# Exercise instructions
Would you repeat word for word the lines of the listing that follows, from the one with "T = ('Rissa', 'Anna', 123, ['PHP', 'JAVA'], 'HAHA')" up to and including the one with "2025年11月11日(星期", and leave out the images?

# Extracted data
○ ○ ○
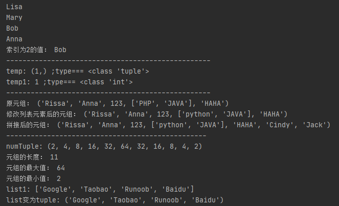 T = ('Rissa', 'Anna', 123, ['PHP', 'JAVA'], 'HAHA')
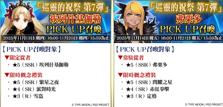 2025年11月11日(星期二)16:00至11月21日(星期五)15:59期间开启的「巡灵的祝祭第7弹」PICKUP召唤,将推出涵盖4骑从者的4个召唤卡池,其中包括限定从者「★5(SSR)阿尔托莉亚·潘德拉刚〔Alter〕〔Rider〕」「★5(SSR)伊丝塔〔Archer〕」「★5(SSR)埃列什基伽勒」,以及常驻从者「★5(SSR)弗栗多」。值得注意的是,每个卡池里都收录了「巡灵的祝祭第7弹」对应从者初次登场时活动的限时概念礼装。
○ ○ ○
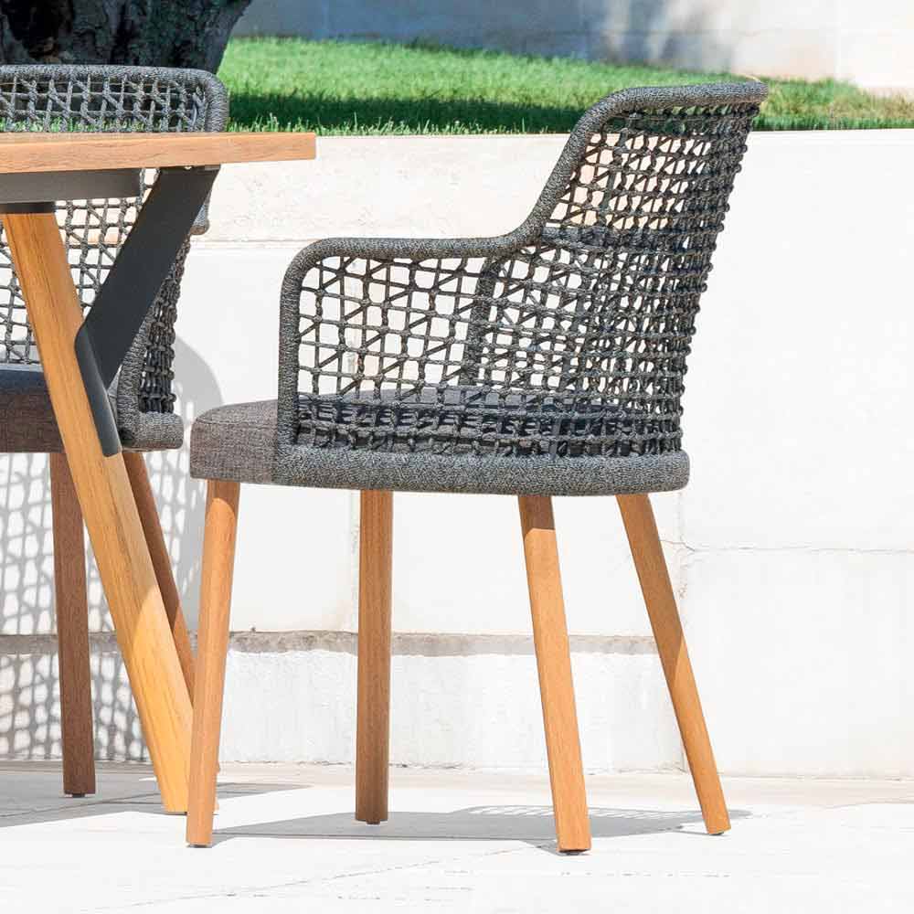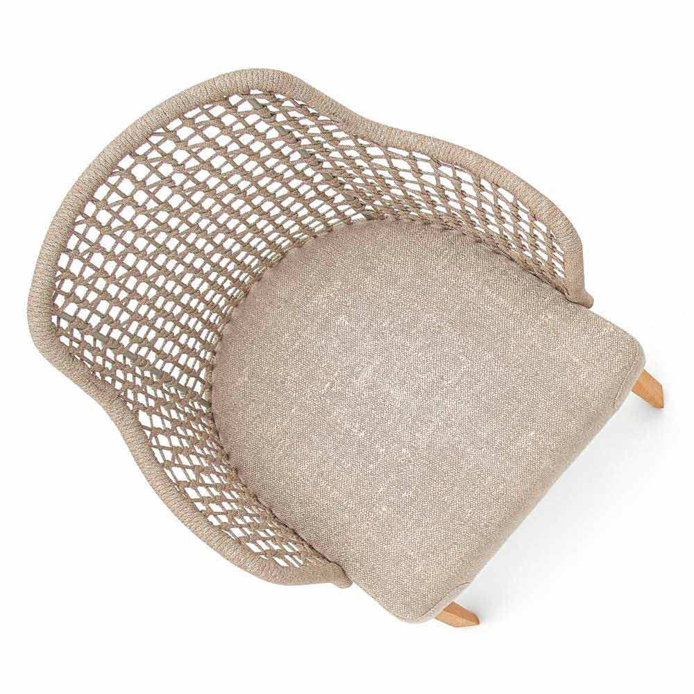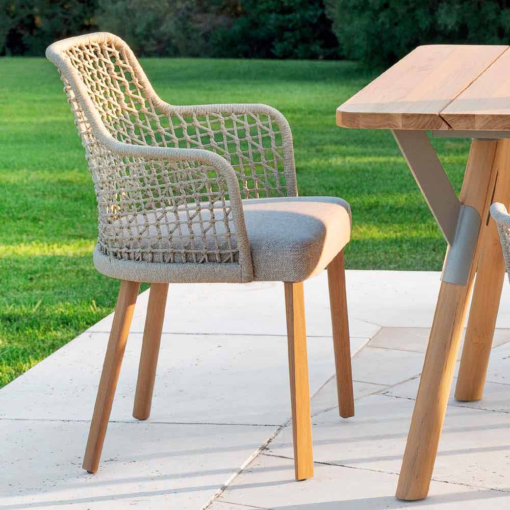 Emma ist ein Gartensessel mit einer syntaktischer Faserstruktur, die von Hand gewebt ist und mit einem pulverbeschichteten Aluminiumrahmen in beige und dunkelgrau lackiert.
○ ○ ○
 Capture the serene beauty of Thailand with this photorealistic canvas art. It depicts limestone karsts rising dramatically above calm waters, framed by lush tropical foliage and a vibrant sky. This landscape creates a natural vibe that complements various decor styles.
○ ○ ○
# Answer box
 T = ('Rissa', 'Anna', 123, ['PHP', 'JAVA'], 'HAHA')
 2025年11月11日(星期二)16:00至11月21日(星期五)15:59期间开启的「巡灵的祝祭第7弹」PICKUP召唤,将推出涵盖4骑从者的4个召唤卡池,其中包括限定从者「★5(SSR)阿尔托莉亚·潘德拉刚〔Alter〕〔Rider〕」「★5(SSR)伊丝塔〔Archer〕」「★5(SSR)埃列什基伽勒」,以及常驻从者「★5(SSR)弗栗多」。值得注意的是,每个卡池里都收录了「巡灵的祝祭第7弹」对应从者初次登场时活动的限时概念礼装。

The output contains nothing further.